Checkbook Journalism: A User's Guide
The Society of Professional Journalists is scolding NBC News for buying its "exclusive" interview with David Goldman—the father of that Brazilian kid—by chartering a jet to fly father, son, and NBC reporter back to the U.S. Shocking, indeed.
If the SPJ is going to issue a statement of condemnation every time a network news organization shells out cash or services in exchange for an exclusive interview, it is going to be one busy little professional society. NBC News in particular has been so free with the cash over the years that we can't quite figure out why the Goldman case tripped the SPJ's pay-to-play detector, as opposed to, say, the time Today hyped its exclusive get with a couple of gatecrashers who were under contract to appear exclusively on NBC Universal properties or the time CNN, the New York Post and ABC News all paid the Flight 253 hero Jasper Schuringa for blurry photos and the chance to interview him.
As shameless practitioners of "checkbook journalism," we thought we'd offer a handy user's guide for producers, consumers, and scolders.
1) Nobody Admits to Paying for Interviews (But They All Do)
NBC News spokeswoman Lauren Kapp has a hot-key for writing "NBC News does not and will not pay for interviews" in statements responding to stories about how they paid for interviews. It's true, in the same sense it's true that Eliot Spitzer paid that nice lady to come visit him in D.C. and she threw in the sex for free. Usually the sleight of hand lies in the word "interviews"—networks will pay for anything except the actual words spoken by their interview subjects. So when NBC News paid Octomom for a three-day exclusive engagement on Today, it was legitimate remuneration for the broadcast use of her copyrighted home videos, not some gross pay-to-play deal. In the Goldman case, the subterfuge is actually in the meaning of the word "pay." NBC News does not "pay" for interviews like a trashy tabloid, it just provides goods and services like private jet travel at no cost to people of public interest who are willing to exclusively talk to NBC News employees.

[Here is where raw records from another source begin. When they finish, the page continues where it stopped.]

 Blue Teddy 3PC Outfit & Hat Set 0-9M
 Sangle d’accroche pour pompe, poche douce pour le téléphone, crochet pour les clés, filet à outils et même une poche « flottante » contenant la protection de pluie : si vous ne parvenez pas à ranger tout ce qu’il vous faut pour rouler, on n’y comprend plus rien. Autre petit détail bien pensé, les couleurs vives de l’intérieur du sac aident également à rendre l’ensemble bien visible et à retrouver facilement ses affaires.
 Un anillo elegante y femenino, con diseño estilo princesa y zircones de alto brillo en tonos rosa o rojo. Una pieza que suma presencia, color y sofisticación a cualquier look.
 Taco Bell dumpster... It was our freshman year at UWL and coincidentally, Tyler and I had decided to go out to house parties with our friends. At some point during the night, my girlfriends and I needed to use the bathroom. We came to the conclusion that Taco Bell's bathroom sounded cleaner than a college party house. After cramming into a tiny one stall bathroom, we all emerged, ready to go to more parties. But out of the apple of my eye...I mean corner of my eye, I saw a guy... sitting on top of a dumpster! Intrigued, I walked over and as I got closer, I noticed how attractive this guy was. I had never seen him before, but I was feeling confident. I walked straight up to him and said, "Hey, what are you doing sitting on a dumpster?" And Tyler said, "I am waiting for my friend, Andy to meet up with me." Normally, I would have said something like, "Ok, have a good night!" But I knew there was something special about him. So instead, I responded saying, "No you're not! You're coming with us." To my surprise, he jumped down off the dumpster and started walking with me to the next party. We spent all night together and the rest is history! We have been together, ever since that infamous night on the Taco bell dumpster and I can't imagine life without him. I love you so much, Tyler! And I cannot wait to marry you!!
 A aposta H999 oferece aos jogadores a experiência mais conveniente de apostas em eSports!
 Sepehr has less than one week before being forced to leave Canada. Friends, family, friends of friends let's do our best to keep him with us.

2) Disclosure Is a Relative Concept
It doesn't matter if you pay someone to say something, so long as you tell everyone that you've paid them, right? We're all sophisticated media consumers, and can judge for ourselves whether or not the moneygrubbing fameball of the week is being forthright, cashing in, or both. So NBC News did the right thing by noting, in its Christmas Eve Nightly News broadcast on the Goldman's reunion, that "the Goldmans were invited on a jet NBC News chartered to fly back to the U.S." There! It's all out in the open now, and any viewers of yesterday's Today exclusive interview would surely have seen the Nightly News disclaimer, which explains why Today made no mention of the chartered flight, because doing so would have been redundant.

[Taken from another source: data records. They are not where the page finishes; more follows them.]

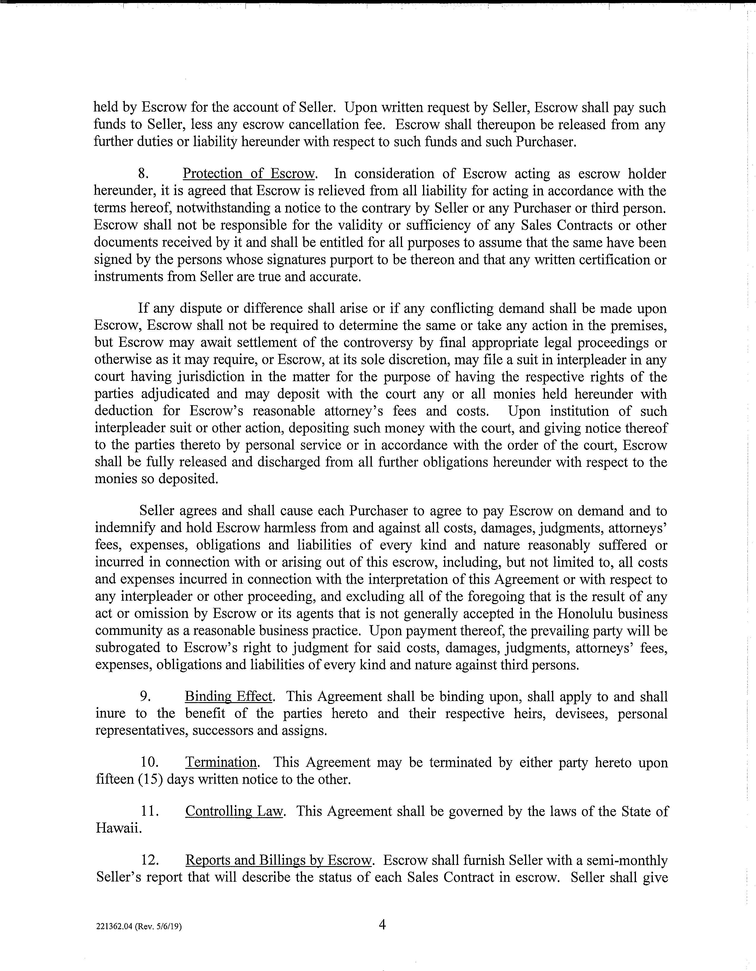 Escrow Agreement and Amendments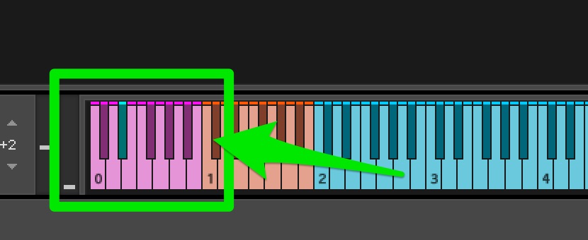 この音源ではC0~B0までのkeyスイッチでフレーズをトランスポーズできるのが利点となっています。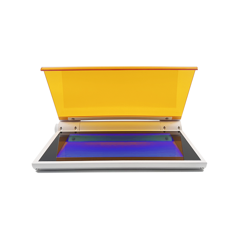 The blue LED transilluminator is a high-quality blue light transmission device, which is widely used for the observation of nucleic acid and protein gel staining. Blue LED light source, with amber filter cover, and use with nucleic acid-safe dyes with excitation wavelength of 450~495nm, can achieve perfect gel viewing and cutting effects without protective light filtering goggles.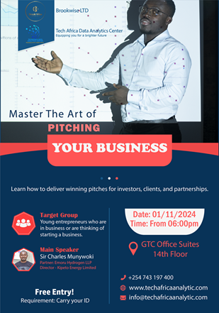 Pitching Your Business Targeted young entrepreneurs who are in business or thinking to start a business to learn how to deliver winning pitches for investors, clients, and partnerships. Watch On YouTube Share: Event Information : Title: Pitching Your Business Venue: GTC Office Suites, 14th Floor View When: November 01, 2024 | 1800H CALL FOR CONSULTATION +254725316747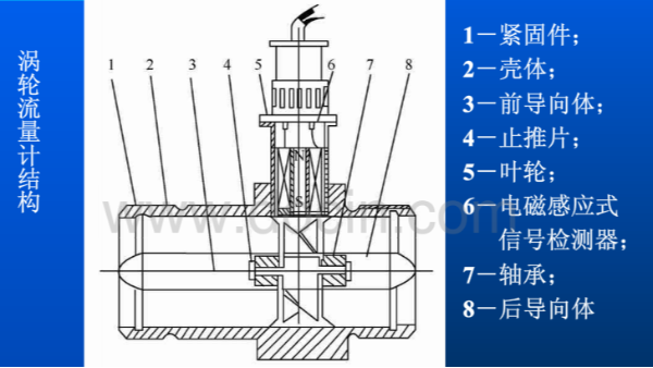 渦輪流量計(jì)是一種速度式流量計(jì)。如下圖所示,在管道中心安放一個渦輪,兩端由軸承支撐,當(dāng)流體通過管道時,沖擊渦輪葉片,對渦輪產(chǎn)生驅(qū)動力矩,使渦輪克服摩擦力矩和流體阻力矩而產(chǎn)生旋轉(zhuǎn).在一定的流量范圍內(nèi),對一定的流體介質(zhì)粘度,渦輪的旋轉(zhuǎn)角速度與流體流速成正比.由此,流體流速可通過渦輪的旋轉(zhuǎn)角速度得到,從而可以計(jì)算得到通過管道的流體流量。
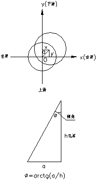 有效孔径:指用弹性导中器加浮体法测孔斜值x和y的大小(图3)。在孔口建立一个平面坐标体系,(图4)从孔口或孔底每1米或2米测一个值x和y,用钻孔的直径画园。这样每1米或2米作园投影到孔平面。N个(孔深)园相交的内切园就为有效孔径。如图2的红线园。因此孔越深,孔的四个方向的偏离值越小,这样的孔就越垂直。

3) It's Better to Just Cut Out the Whole Journalism Part
When NBC News aired a "documentary" about the death of Farrah Fawcett last summer, no alarm bells went off over at SPJ HQ because there was no pretense of NBC News staffers being involved—they just bought the whole thing from Fawcett's family and put it on TV. The same principle applied to Vanity Fair's publication of Levi Johnston's account of what it's like to get Sarah Palin's daughter pregnant and to our publication of Balloon Dad's pal's confirmation that the whole thing was a hoax. They were published as freelance pieces, and their authors were compensated as such.
4) For Checkbook Journalism to Work, People Have to Be Interested in the People You Are Buying
That's why Paris Hilton's $1 million gambit fizzled—she had a $100,000 deal with ABC News in place to give the network her first interview after getting released from jail, and overplayed her hand by trying to parlay it into a $1 million deal with NBC News. When news of the negotiations broke, it gave everyone a chance to stop for a second and realize paying $1 million for an interview with Paris Hilton is a colossal waste of money. She ended up on Larry King Live. We can't really figure out why anyone cares about the "Christmas Miracle" involving a Jewish guy named David Goldman, but we suppose it's within reason to divert the GE corporate jet down to Brazil to make the interview happen.